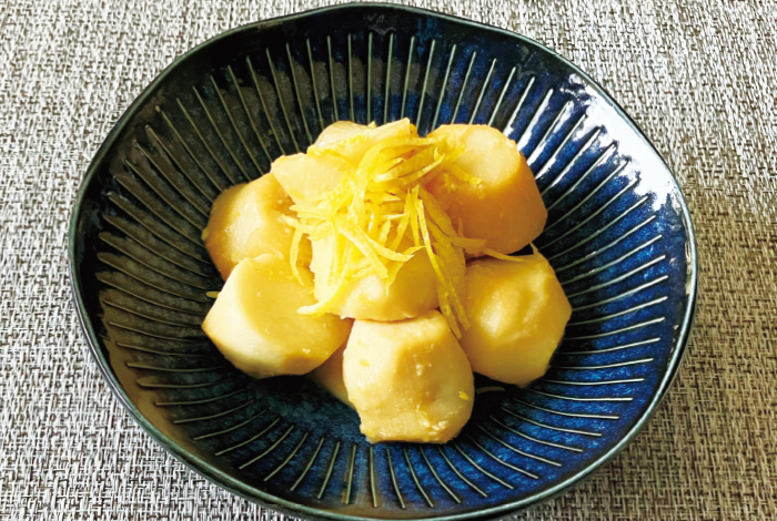 ⑤にBを加えて落し蓋をし、さといもが柔らかくなるまで煮たら火を止めて、②のすりおろしたゆずを加えて混ぜ合わせる
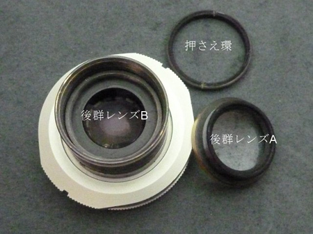 押さえ環を外すと後群レンズA・Bの構成になっていました。
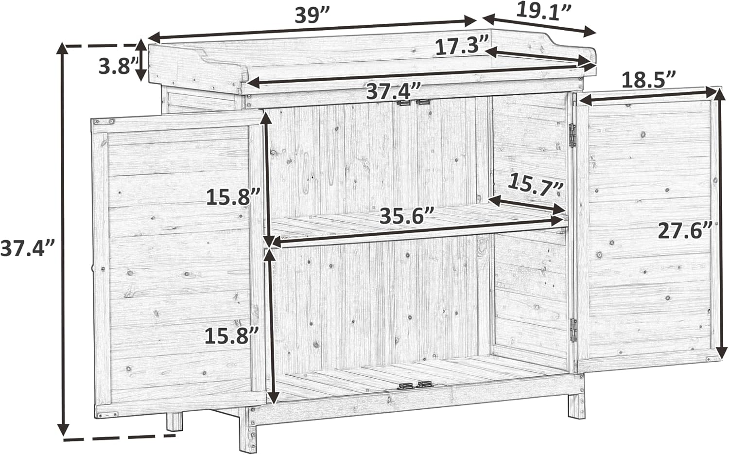 - Ample 2-Tier Storage Cabinet: If you are a big fan of gardening, this potting bench will be a great choice. With a 37.4" total height, 2 ample storage shelves are designed to keep your tools handy and in one place without bending over or squatting. Constructed with a removable shelf, this potting table is ample enough for not only small tools but also extra soil, pots, and other gardening supplies.
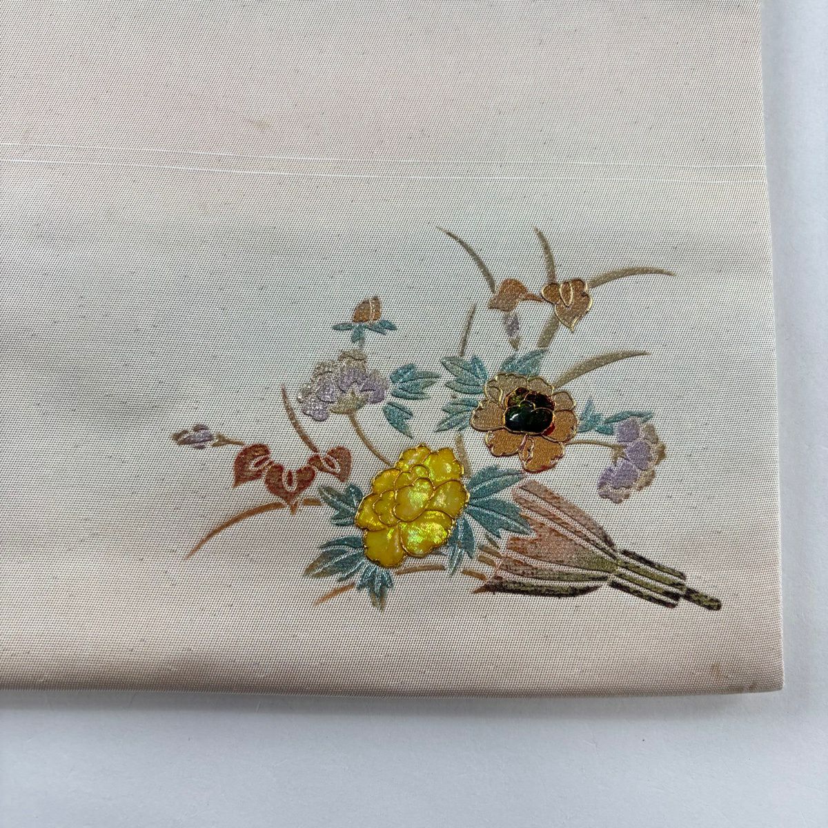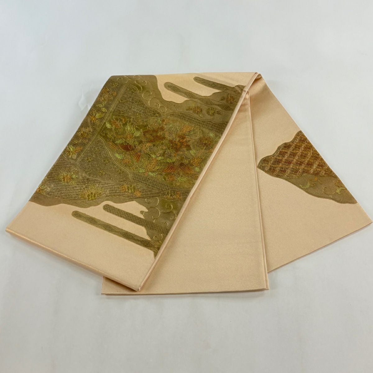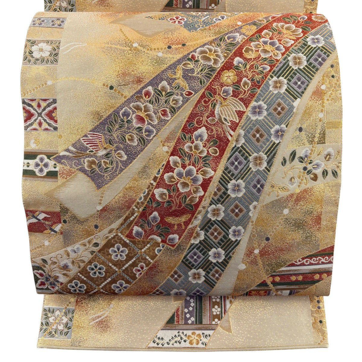 【美品】 袋帯 秀品 関西仕立て 鬘帯 花鳥 箔 金糸 ベージュ 六通 正絹
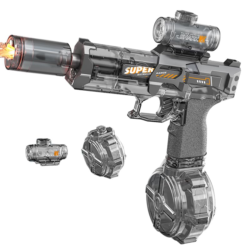 【夏の最新電動式LEDウォーターガン】2025夏の最新デザインで、普通の水鉄砲と違い、電動連射式LED灯光噴火式のデザインを採用し、トリガーを引くだけで水を高速で穏やかに連発発射できる。同時に激しいシューティングのフラッシュ効果が雰囲気感あふれる。トリガーを引くと攻撃音と共に光ります!夜間に使うと、光る水鉄砲で真夏の夜を盛り上げよう!
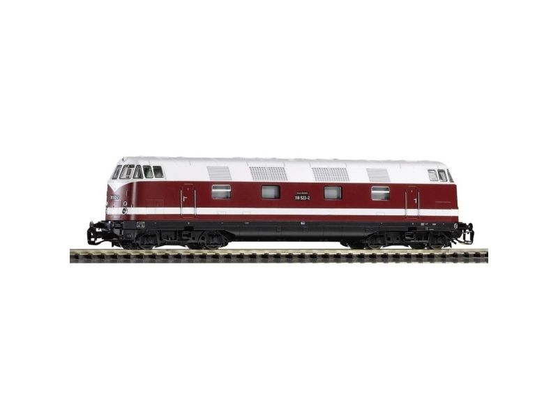 TT Diesel lokomotiv BR 118 i DR Motor med 2 svinghjul · 4 aksler · Digital Interface (PluX16) · forlygte · hæfteringe · tætte kobling kinematik · Minimum radius: 287 mm. Bemærk! Dette produkt er blevet maskineoversat.

#####

(Goal of the exercise)
Repeat all of the entries above exactly. Keep pictures out of it.

(Output below)
 ⑤にBを加えて落し蓋をし、さといもが柔らかくなるまで煮たら火を止めて、②のすりおろしたゆずを加えて混ぜ合わせる
 押さえ環を外すと後群レンズA・Bの構成になっていました。
 - Ample 2-Tier Storage Cabinet: If you are a big fan of gardening, this potting bench will be a great choice. With a 37.4" total height, 2 ample storage shelves are designed to keep your tools handy and in one place without bending over or squatting. Constructed with a removable shelf, this potting table is ample enough for not only small tools but also extra soil, pots, and other gardening supplies.
 【美品】 袋帯 秀品 関西仕立て 鬘帯 花鳥 箔 金糸 ベージュ 六通 正絹
 【夏の最新電動式LEDウォーターガン】2025夏の最新デザインで、普通の水鉄砲と違い、電動連射式LED灯光噴火式のデザインを採用し、トリガーを引くだけで水を高速で穏やかに連発発射できる。同時に激しいシューティングのフラッシュ効果が雰囲気感あふれる。トリガーを引くと攻撃音と共に光ります!夜間に使うと、光る水鉄砲で真夏の夜を盛り上げよう!
 TT Diesel lokomotiv BR 118 i DR Motor med 2 svinghjul · 4 aksler · Digital Interface (PluX16) · forlygte · hæfteringe · tætte kobling kinematik · Minimum radius: 287 mm. Bemærk! Dette produkt er blevet maskineoversat.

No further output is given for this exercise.